The Amazonian Indian see beasts such as the jaguar, or the planets tracing paths in the sky, as articulate personalities, as much part of their extended family as tribal siblings.


It is this quality of belonging that Kim Poor seizes, in a magical series of pictures that have already been widely exhibited in her native country. She fuses her work with the legends of Amazonia to become part of them, an inseparable component of the complex Amazonian matrix.

The paradox is that she chooses highly technological means of doing this. An extremely demanding medium - glass and pigment - fused, with ferocious heat, onto steel. Once fired the glass particles cling firmly and produce colours of astonishing depth and translucency.
Kim Poor is looking for a way of finding true, durable equivalents for the colours and textures of the Amazonian rainforests and for the shimmering hues of the creatures that inhabit them.

Light strikes through the surface of painting created with glass powder and is reflected back from the metal ground. This gives Kim Poor’s work its characteristic glow and depth. It changes unpredictably as light strikes from different angles or with varying degrees of intensity.

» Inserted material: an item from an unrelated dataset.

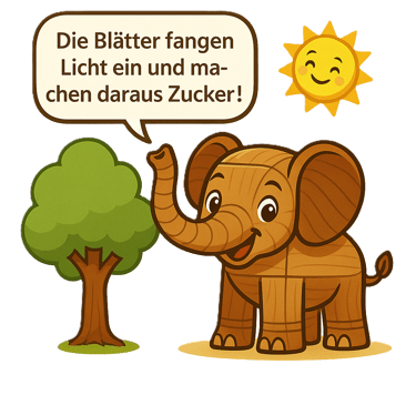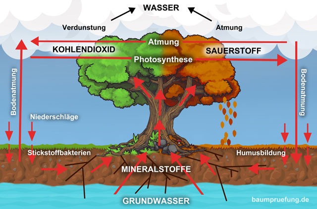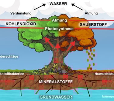 5. Aus den OH-Gruppen bildet sich Wasser unter Freiwerden von Sauerstoff, der von der Zelle ausgeschieden wird. Der Gesamtvorgang kann durch folgende Gleichung ausgedrückt werden: 6 mol CO2 + 12 mol H2O + Energie (675 kcal) Þ 1 mol C6H12O6 + 6 mol O2 + 6 mol H2O. Ebenso, wie der Kohlenstoff nicht direkt in den pflanzlichen Körper eingebaut, sondern in pflanzeneigene Substanzen umgewandelt wird, werden auch die Elemente der Nährsalze wie Stickstoff, Schwefel und Phosphor in Form von Ionen aufgenommen und assimiliert. Dabei ist die Stickstoffassimilation von großer Bedeutung, da die wichtigen Eiweißstoffe Stickstoffverbindungen sind. Diese Produkte werden ebenfalls hauptsächlich in den Blättern gebildet und dienen dem Baum als Betriebsstoffe, Baustoffe und Wirkstoffe (Bio-Katalysatoren). Die Zucker gelten als wichtigste Assimilationsprodukte. Sie sind die Ausgangsstoffe für die meisten organischen Kohlenstoffverbindungen (Stärke, Zellulose) und dienen im Baumstoffwechsel als Energielieferer. Da die Assimilate von den Blättern an die Orte des Wachstums und der Speicherung transportiert werden müssen, ist ihre Wandlung in eine gelöste Form notwendig. Dies wird durch Enzyme (Fermente) bewirkt. Der Transport der gelösten organischen Verbindungen erfolgt auf längeren Strecken in den Siebröhren und Gefäßen, auf kürzeren Strecken durch die Tüpfel oder durch Diffusion.

The bloom of the colour is enhanced by another special characteristic, an absence of outlines. Forms are built from minute speckles of colour; the image has no firm boundaries. Subtle optical variability is one of their chief properties - the spectator’s eye is never quite at rest. One is always in dialogue with an ever-shifting surface. This, the images tell you, is what happens when you look, and hold your breath. The magical moment is yours forever, just as it was for the artist. The work offers an almost frightening sense of permanence, given the recalcitrant materials from which it is made.

The dreamlike quality of Kim Poor’s work does, of course, tend to align itself with things that have often aroused comment both in Latin American art and in Latin American literature. In a broad sense we have here yet another example of Magical Realism that can be found in the work of great contemporary Latin American writers such as Gabriel Garcia Marquez, Mario Vargas Llosa and Isabel Allende. Her work shares with theirs not only a dreamlike atmosphere but an undoubted, though often oblique, narrative thrust and, at the same time, a typically Latin American concern with urgent contemporary problems: in this case the ecological problems that threaten the whole Amazon basin, and the tribal peoples who live there.

Edward Lucie-Smith

Blue Jaguar “I can see”

Yellow Jaguar “Give your eyes to me”
Parrots “Warning from Kanaxiwe”


The River of Blood





Resurrection Wall

Copyright © 2017 Kim Poor, All rights reserved.

All images Copyright © 2017 Kim Poor, All rights reserved.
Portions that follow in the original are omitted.